Embracing HBCU Pornography
There are many social and moral debates that people can have about the watching and making of pornography, but few can argue about the basic tenets of what makes the industry profitable and lasting.
It’s the selling of sex; a basic human need that everyone wants, everyone needs, and is socially taboo enough to push the average, well-intentioned person into a tug-of-war between passing curiosity and outright addiction.
Pornography grosses billions of dollars a year, despite having federal laws and advertising restrictions that limit its visibility to the masses. If they want to find it, people young and old can find a way to get to a store, website or channel that will deliver the goods.
On a far less morally questionable scale, so goes the way we approach HBCU social culture. Students and alums relish sports, homecoming, parties, Greek life and all the fun things that flavor the college experience. These elements attract students from around the country, and bring alumni back to campuses with carefully crafted engagement resources planted within events.
But a look at any common HBCU website or talking points from leadership conveys no connection to the parties and celebrations that enrich the black college culture.
Why shun the elements that make HBCUs culturally unique and appealing? Why present HBCU value and omit the long-standing social structure that, outside of the universal “do you have my major” and “can I afford this place” questions, is a top predictor of enrollment and retention?
Why do we pretend that HBCU “porn” doesn’t exist?
This isn’t to suggest to campus life and HBCU social culture trumps academic rigor and research.

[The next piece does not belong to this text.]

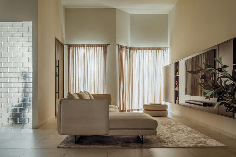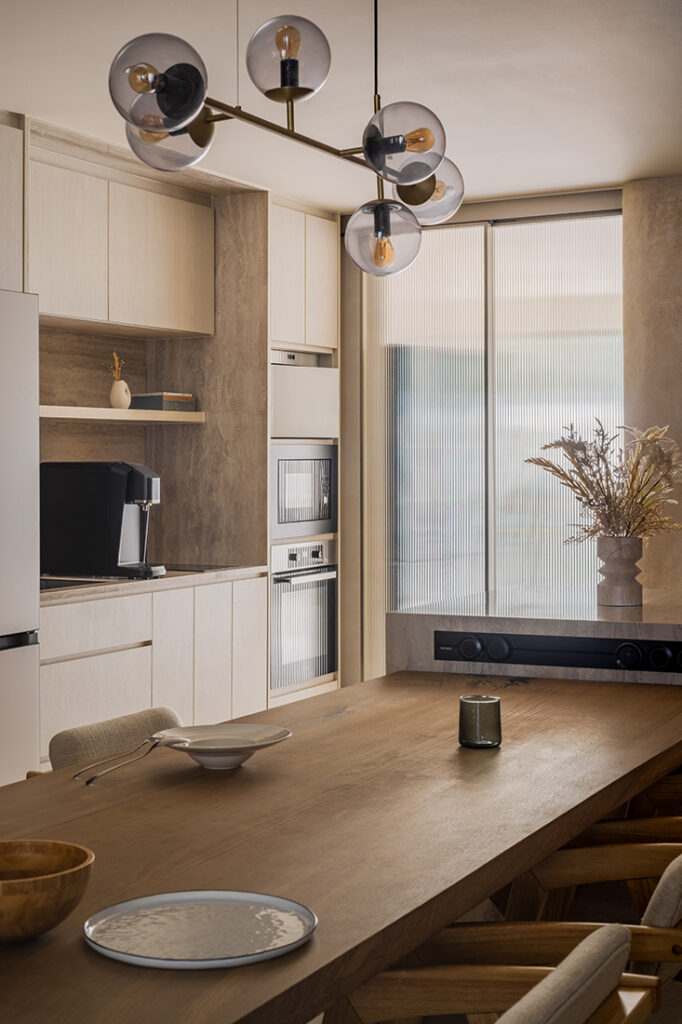 Material choices underscore this sense of restraint. Neutral tones form the foundation, layered with natural finishes that add warmth without overwhelming the space. It’s an interior that feels composed and tactile, revealing itself gradually over time.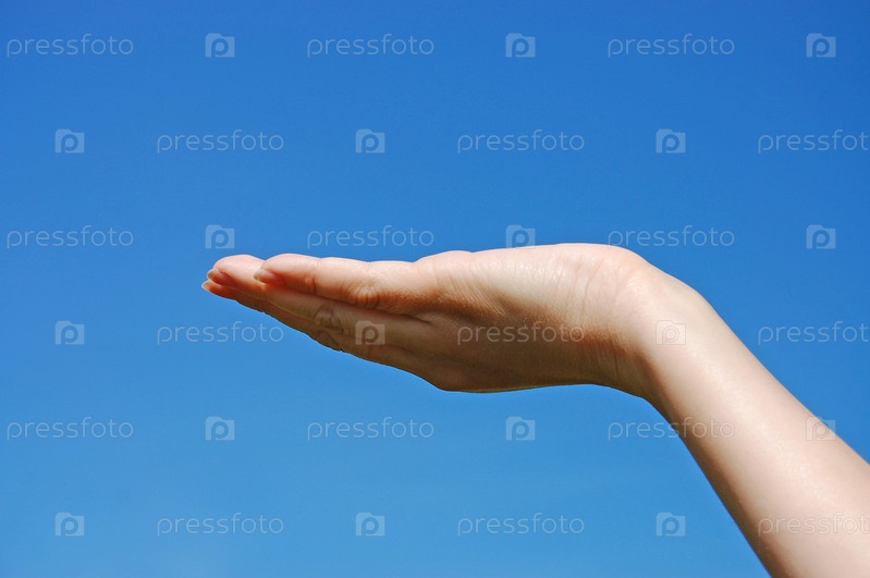 Протянутая ладонь на фоне синего неба

But it is a part of the college experience that, at the very least, HBCUs should risk to test the cost-benefit ratio of promoting. North Carolina A&T describes its homecoming celebration as the “Greatest Homecoming on Earth.” “GHOE” has become an annual staple among global trending topics on Twitter.
So how many clicks does it take to get to any mention of it on the NCA&T campus life portal? Same thing with Howard, the Mecca of HBCUs with the most commercially recognized homecoming in Black America; zero mention of it outside of its annual event-dedicated site.
Neither school posts blogs, photos, videos, anything that can confirm what potential students have heard about these events. Both schools, like many HBCUs, drastically miss the opportunity to shape the perspective on how social programming builds community, solicits support, invites media coverage, and attracts revenue streams.
At least students and young alumni get it.
Social life is a major part of the HBCU experience, and while every opportunity should be taken to shout about the black college legacy of academic and professional preparedness, other elements of undergraduate and alumni social ties can’t be devalued or privately celebrated.
If HBCUs say they change lives through learning, scholarship and service, let them also cop to the civic pride the build through parties, football games and step shows. These things don’t make us lesser scholars, unfocused students or lackadaisical alumni; they make us well-rounded people who know how to have fun and serve humanity when the right time demands each.
Socialization is a basic need and few institutions do it better than HBCUs. If we stop treating our social legacy like a common skin flick, the more power we’ll give to students and alumni to embrace all that we have to offer, and for potential students to join in the fun.